L’option d’une opération militaire américaine « sur la table »

Ces moteurs pour fusées pouvant facilement être adaptés pour propulser des missiles, de nombreux observateurs pensent que le programme nord-coréen en matière de lanceurs de satellites n’est qu’une feuille de vigne cachant la réalité, c’est-à-dire les tests dans le domaine militaire.

Avant de mettre le pied en Chine, Rex Tillerson était passé par le Japon et la Corée du Sud.
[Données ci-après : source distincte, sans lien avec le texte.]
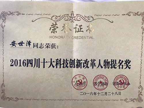院長(zhǎng)安世澤獲 “2016四川十大科技創(chuàng)新改革人物”提名獎(jiǎng)
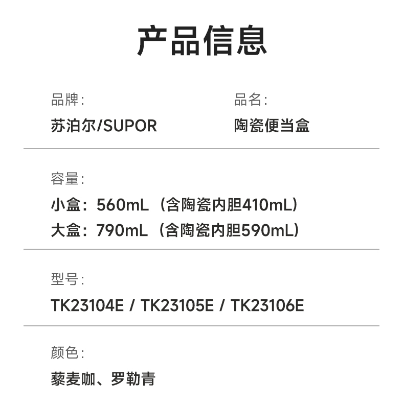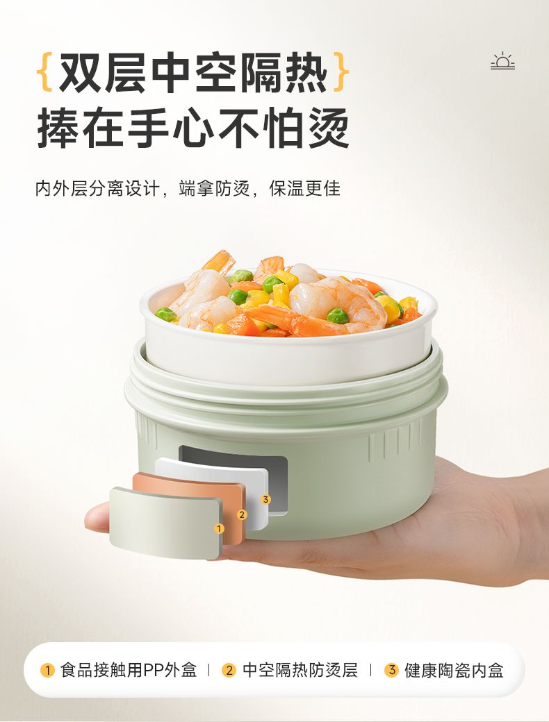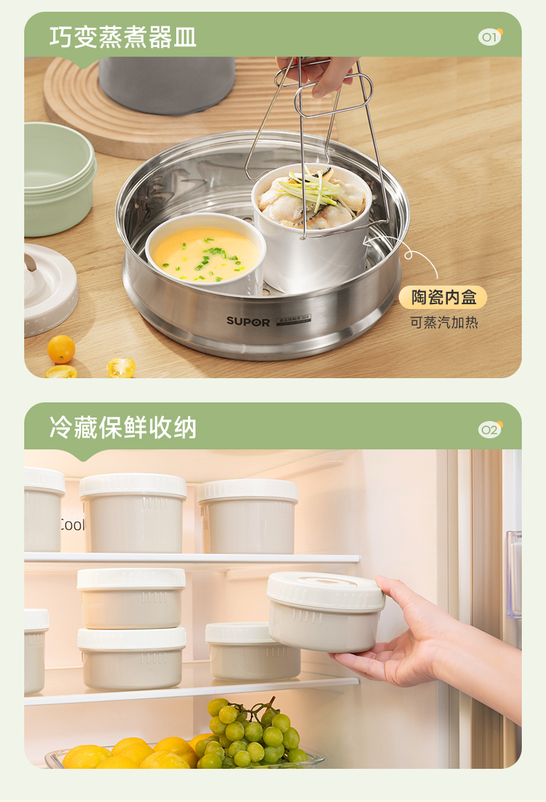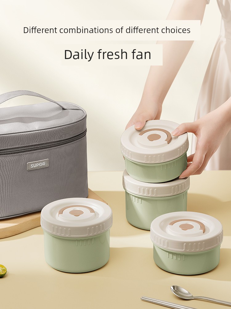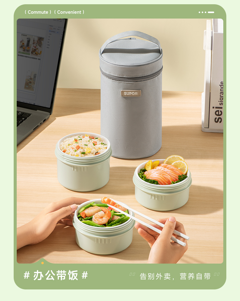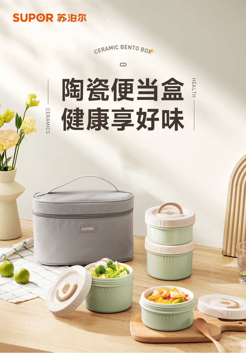 Supor Ceramic Lunch Box Work Lunch Box Three-Piece Microwave Oven Heating Oven Mitts Compartment Student Lunch Box

Dans le cadre de cette tournée en Asie, le chef de la diplomatie américaine a notamment insisté sur le fait que les Etats-Unis n’allaient plus suivre la politique de « patience stratégique » mise précédemment en œuvre par Washington envers le régime de Pyongyang, politique qui selon lui a échoué. A ce sujet, il a souligné qu’une opération militaire américaine était notamment « une option sur la table ».

Un nouveau test pendant la visite de Xi Jinping aux Etats-Unis ?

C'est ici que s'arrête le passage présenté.